Scalable Model Deployment with Azure Machine Learning

Question

Pulumi · Accepted Answer

To deploy a scalable model with Azure Machine Learning using Pulumi, you first need an Azure Machine Learning workspace, a compute cluster to run the model, and the model itself which you'll deploy as a web service.

Here's how this process generally works:

1. **Setting up the Azure Machine Learning Workspace**: This is where all your ML assets will be stored and managed, such as compute resources, models, data, and experiments. The workspace is the top-level resource for Azure Machine Learning.

2. **Creating a Compute Cluster**: This is the compute resource that will be used to train the model and possibly also serve it. It should be created within the aforementioned workspace and should be configured to scale according to the workload.

3. **Registering the Model**: Once your model is trained, you will need to register it within your Azure Machine Learning workspace.
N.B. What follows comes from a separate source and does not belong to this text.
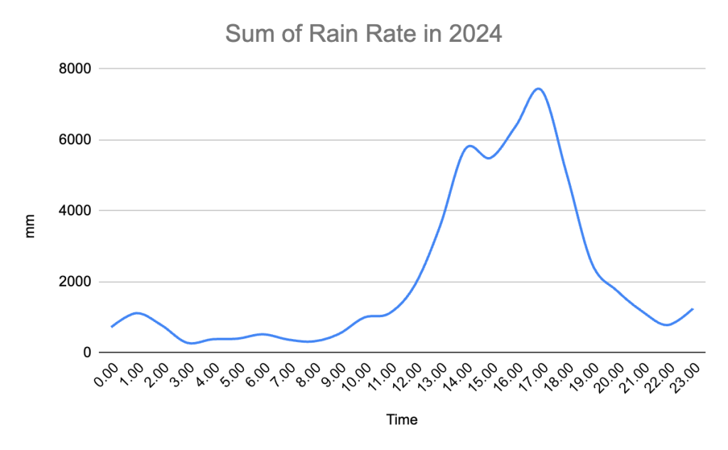 When I complain about so much water, my neighbors usually console me by saying: “…but it only rains in the afternoons”. And indeed, the data confirms it with absolute clarity, here in Babylon Gardens it mostly rains from 14:00 to 18:00. To reassure the workaholics, our working day (…the theoretical one) is from 06:00 to 15:00. So, it’s just what you’re thinking: the rain gets us wet in our “free” hours.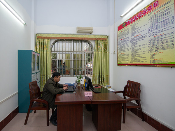 百色法学会值班律师唐伟智在田阳县法律咨询室代理信访工作中心值班。民主与法制社记者周頔摄

This step involves uploading the model file, which makes it available for deployment.

4. **Deploying the Model as a Web Service**: Finally, the registered model can be deployed as a web service on the compute cluster you created. This allows for scalable, real-time inference.

Let's write a Pulumi program to achieve this.

```python
import pulumi
import pulumi_azure_native as azure_native

# Create an Azure Machine Learning Workspace
workspace = azure_native.machinelearningservices.Workspace(
    "workspace",
    resource_group_name=pulumi.config.require("resource_group_name"),
    sku=azure_native.machinelearningservices.SkuArgs(
        name="Standard",
    ),
    location=pulumi.config.require("location"),
    workspace_name="my-ml-workspace",
)

# Create a Compute Cluster within the Machine Learning Workspace
compute_cluster = azure_native.machinelearningservices.Compute(
    "computeCluster",
    resource_group_name=pulumi.config.require("resource_group_name"),
    workspace_name=workspace.name,
    compute_name="my-compute-cluster",
    properties=azure_native.machinelearningservices.ComputeInstanceSchema(
        compute_type="AmlCompute",
        properties=azure_native.machinelearningservices.AmlComputeSchema(
            vm_size="STANDARD_NC6",
            vm_priority="LowPriority",
            scale_settings=azure_native.machinelearningservices.ScaleSettingsSchema(
                min_node_count=0,
                max_node_count=10,
            ),
        ),
    ),
)

# Assuming the model has been trained and the file 'model.pkl' is available.
# Register the Model within the Machine Learning Workspace.
model = azure_native.machinelearningservices.Model(
    "model",
    resource_group_name=pulumi.config.require("resource_group_name"),
    workspace_name=workspace.name,
    model_name="my-trained-model",
    properties=azure_native.machinelearningservices.ModelSchema(
        model_uri="path/to/model.pkl",  # Replace this with the path to your model file.
        description="My trained model",
        frameworks=azure_native.machinelearningservices.FrameworkSchema(
            name="ScikitLearn",
            version="0.23.2",
        ),
    ),
)

# Deploy the model as a web service on the compute cluster
deployment = azure_native.machinelearningservices.Endpoint(
    "endpoint",
    resource_group_name=pulumi.config.require("resource_group_name"),
    workspace_name=workspace.name,
    endpoint_name="my-model-endpoint",
    properties=azure_native.machinelearningservices.EndpointSchema(
        compute_type="AmlCompute",
        properties=azure_native.machinelearningservices.RealtimeEndpointSchema(
            target_compute_name=compute_cluster.name,
            scoring_uri="http://my-model-endpoint/score",
            model_id=model.id,
            environment_id="AzureML-sklearn-0.23.2"  # This should correspond with your model's framework and version.
        ),
    ),
)

# Export the web service URI so you know where to send your inference requests
pulumi.export("endpoint_uri", deployment.properties.apply(lambda properties: properties["scoring_uri"]))
```

Explanation of the program:

- We start by importing the required packages and creating an Azure Machine Learning workspace.
- Next, we create a compute cluster named `my-compute-cluster` within this workspace with autoscaling enabled. It can scale from 0 to 10 nodes based on demand.
- We then register the model file (`model.pkl`) to our workspace. Here you must replace the `model_uri` with the actual location of your trained model file.
- After registration, we deploy the model as an endpoint on the compute cluster that can be used as a web service.
- Finally, we export the endpoint URI which you can use to send inference requests to your deployed model.

Please replace the values of `workspace_name`, `compute_name`, `model_uri`, `scoring_uri`, and any other placeholders with actual values from your environment setup. Also, ensure that you've already set up your Azure configuration and selected the correct subscription before running this Pulumi program.